Shattered Innocence: Transmigrated Into a Novel as an Extra

Chapter 853: Orange and Violet



Chapter 853: Orange and Violet

“Hello.”

The voice was smooth. Balanced. Polished.

Everyone turned.

Jesse looked up—then froze, just for a heartbeat.

Pink hair.

Purple eyes.

Valeria Olarion.

Daughter of a famed Arcanis bloodline. A student noted not just for power, but for restraint. A name that came with weight… and a gaze that cut too clean to be dismissed.

Valeria’s smile was soft. Not mocking. Not sharp. But there was something beneath it Jesse couldn’t quite read. Something… watchful.

The circle stilled.

As if a thread had snapped loose in the weave of idle conversation, tension crept in quietly—soft but precise.

Valeria Olarion’s presence wasn’t loud. It didn’t need to be.

She moved like a falling petal through a still pond—no sound, but all eyes followed.

Jesse straightened instinctively, her fingers tightening just slightly at her side.

’She’s here.’

She hadn’t expected it. Not truly. Not after that stare from across the courtyard. Not after the duel. Not after the way Lucavion had stood close to her—spoken to her—before the ceremony. Jesse had assumed the girl would remain in the Arcanis cluster of polished heirs and scholarly favorites.

But now, Valeria stood here.

In their circle.

Wearing a lilac-stitched gown cut just above the ankle, light enough to dance in, elegant enough to bow kingdoms with a blink. Her hair—pale pink, almost silver in the ambient glow—was tucked behind one ear, revealing a delicate chain of imperial silver resting just beneath her jaw.

And her eyes—

They were locked on Jesse.

Not rudely. Not challengingly.

Just… directly.

As if she had seen through every word unspoken during the duel.
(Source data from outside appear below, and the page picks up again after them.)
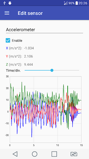 If data is transferred to the same server from many mobile devices, then device id (UUID) can be assigned to the transferred data. The id can be generated automatically or manually. Data Collector isn't limited by data collection from mobile device internal sensors and develops so-called guest sensors kit. In the current version of the App the following guest sensors are presented: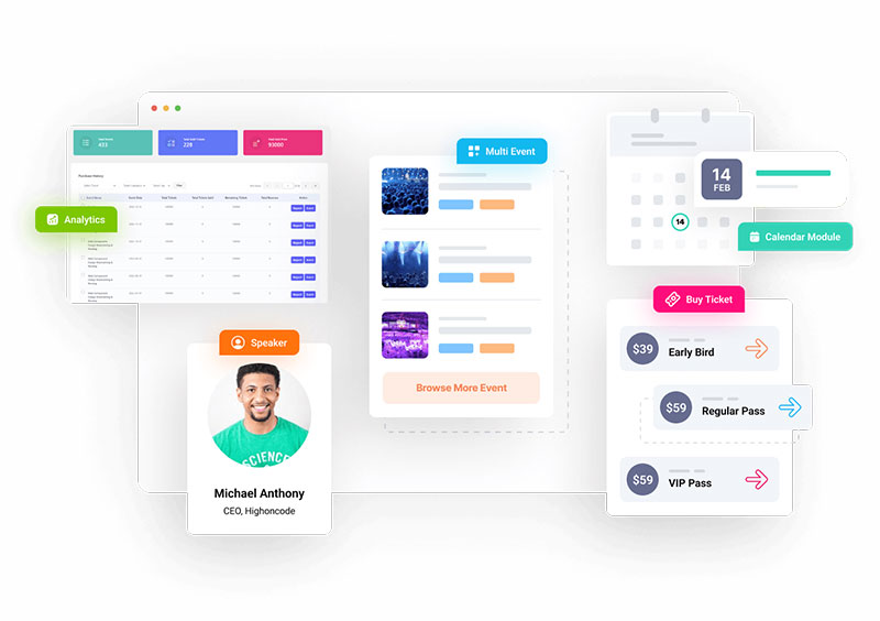 Eventin ist ein Event-Plugin für WordPress, mit dem Sie Events organisieren und bewerben können. Zu den Hauptfunktionen gehören anpassbare Veranstaltungsseiten, die Integration mit Top-Zahlungsgateways und die Möglichkeit, Veranstaltungspläne, Ticketverkäufe mit unterschiedlichen Preisniveaus und Teilnehmerdetails zu verwalten. Es bietet eine reibungslose, einfach zu navigierende Oberfläche zum Erstellen und Verwalten von Ereignissen.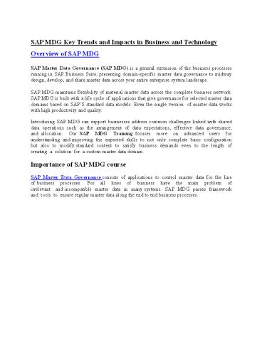 transactions. SAP MDG Training at SAPVITS SAPVITS
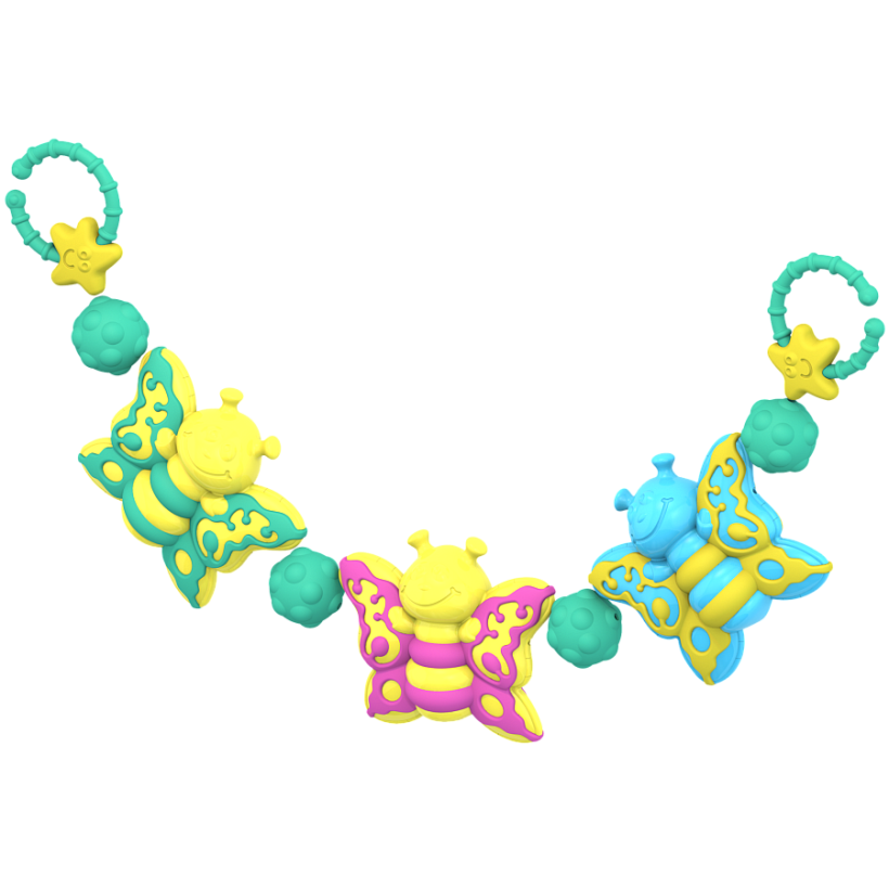 Универсальные крепежные кольца позволяют использовать подвеску как съемную, подвешивая ее над кроваткой, коляской или развивающим ковриком.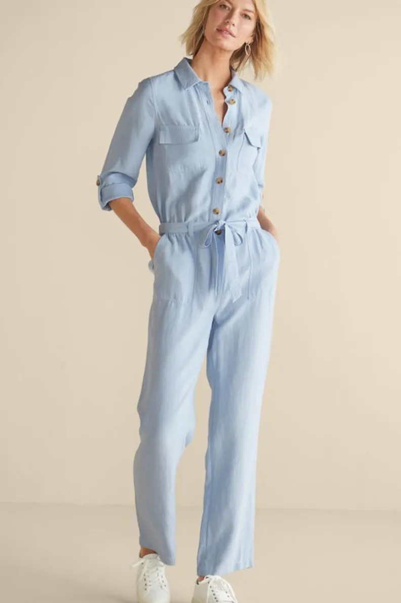 Pulled together in an instant, a stylish jumpsuit solves the question of what to wear in one easy step. Our chic rendition starts with a soft and drapey blend of lyocell and linen, the perfect weight to keep you cool as the temps warm. We’re simply wild about the safari accents: chest flap pockets, long roll-tab sleeves, self-tie belt and faux tortoise buttons. Front and back pockets. Elastic waist with button/zip fly.

As if she already knew too much.

“Valeria Olarion,” she said smoothly, dipping her head with court-trained grace. “Of the Olarion House. It’s a pleasure.”

The Arcanis nobles—those nearest to the circle—straightened immediately. A few offered formal bows, others murmured acknowledgment.
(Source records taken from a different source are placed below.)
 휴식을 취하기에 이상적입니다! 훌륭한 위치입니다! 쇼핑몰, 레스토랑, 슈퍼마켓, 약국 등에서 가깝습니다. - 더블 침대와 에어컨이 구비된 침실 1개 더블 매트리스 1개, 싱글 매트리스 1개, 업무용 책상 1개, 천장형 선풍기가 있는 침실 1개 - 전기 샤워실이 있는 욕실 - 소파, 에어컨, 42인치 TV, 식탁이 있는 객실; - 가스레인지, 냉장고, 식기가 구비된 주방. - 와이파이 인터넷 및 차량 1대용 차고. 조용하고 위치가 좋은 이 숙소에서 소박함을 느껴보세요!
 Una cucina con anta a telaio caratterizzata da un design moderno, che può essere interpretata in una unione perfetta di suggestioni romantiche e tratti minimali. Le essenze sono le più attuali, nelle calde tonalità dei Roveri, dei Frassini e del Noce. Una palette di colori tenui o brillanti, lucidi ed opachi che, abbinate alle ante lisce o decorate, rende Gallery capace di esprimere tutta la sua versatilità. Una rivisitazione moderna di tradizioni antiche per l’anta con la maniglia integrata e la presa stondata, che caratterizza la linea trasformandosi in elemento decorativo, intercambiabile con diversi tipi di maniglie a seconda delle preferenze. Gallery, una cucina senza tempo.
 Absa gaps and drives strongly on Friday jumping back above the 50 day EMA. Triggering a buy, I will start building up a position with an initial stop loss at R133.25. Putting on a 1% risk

“The Lady Olarion—how rare,” someone whispered again, breath caught between admiration and disbelief.

Another voice—a boy from the House of Verdine—murmured, “Didn’t think she’d attend something like this…”

“Not her scene,” someone else added, almost to themselves.

Valeria tilted her head slightly, catching the words without looking at the speakers. Her smile didn’t shift, but there was a faint pause—enough to signal that she had heard.

“Why?” she asked softly.

A simple question.

And yet, it landed like a stone dropped into still water.

The Arcanis nobles—bright, polished, trained for wit and maneuver—fell silent.

Not one of them answered.

Not because they didn’t have thoughts, but because none dared voice them.

Because what do you say to a girl like her?

Because you don’t usually grace us with your presence.

Because you tend to walk alone at events like these.

Because everyone knows Lucavion wouldn’t have fought without you in the audience.

Because your House once protected the Crown—and now, you barely show up at all.

But no one said that.

Instead, they bowed their heads slightly. Courteous. Quiet.

Respectful.

Too respectful.

Jesse caught it all.

She watched the way Valeria’s question sucked the air from the group—how not even the most talkative dared offer a jest in reply.

It wasn’t just reverence. It was weight.

In hindsight, this was something that her family indeed lacked.

Maybe it was the way she carried herself.

The kind that surrounded a name steeped in something older.

’Strange woman.’

This woman was strange.

And when the silence lingered, the Lorian students—slightly less shaken, if only because they were less familiar with Arcanis hierarchy—moved.

A few of them stepped forward.

Not in challenge. Not in boldness.

But with the kind of caution reserved for old names and long shadows.

Just then someone greeted.

“It’s an honor, Lady Olarion. Your house name still carries across the sea.”

Another followed. “Even if the Dukedom’s no longer held formally… the Olarions once stood at the side of the Crown, didn’t they? Protectors of the old line.”

Valeria’s smile did not waver.

But the warmth behind it cooled by a fraction.

Not to ice.

To something older.

Sterner.

The moment the Lorian girl mentioned the title—no longer held formally—something in Valeria’s expression turned. Just slightly. Just enough.

Jesse saw it first.

It was subtle, too subtle for most: the shift in the angle of Valeria’s jaw, the quiet stillness in her eyes that wasn’t there before. Not anger. Not offense. But a withdrawal. Like shutters closing behind stained glass.

The air grew taut again.

The Lorian noble who had spoken blinked, realizing too late the line she’d crossed.

And then—

Cali stepped in.

Light-footed as always. Sharp when it mattered.

“Oh, Lady Olarion,” Cali said quickly, flashing an apologetic smile as she looped her arm halfway through Jesse’s like it had always belonged there. “Don’t mind her. We’ve been drinking in too many footnotes and too few facts. No disrespect was meant—only awe.”

She offered a slight bow—graceful enough to be diplomatic, casual enough to pass for charm.

Valeria turned to her.

And after a breath… nodded once.

“No lies were spoken,” she said quietly. “The title was stripped. We do not pretend otherwise.”

But her voice—

It was clear.

Sharp as a knight’s blade.

She took the statement head-on, like armor catching a strike. She did not flinch, nor deflect. She wore the truth as if it were steel over her spine. And somehow… it made her feel even larger in the room.

There was no wounded pride.

Only the kind of poise that came from surviving history itself.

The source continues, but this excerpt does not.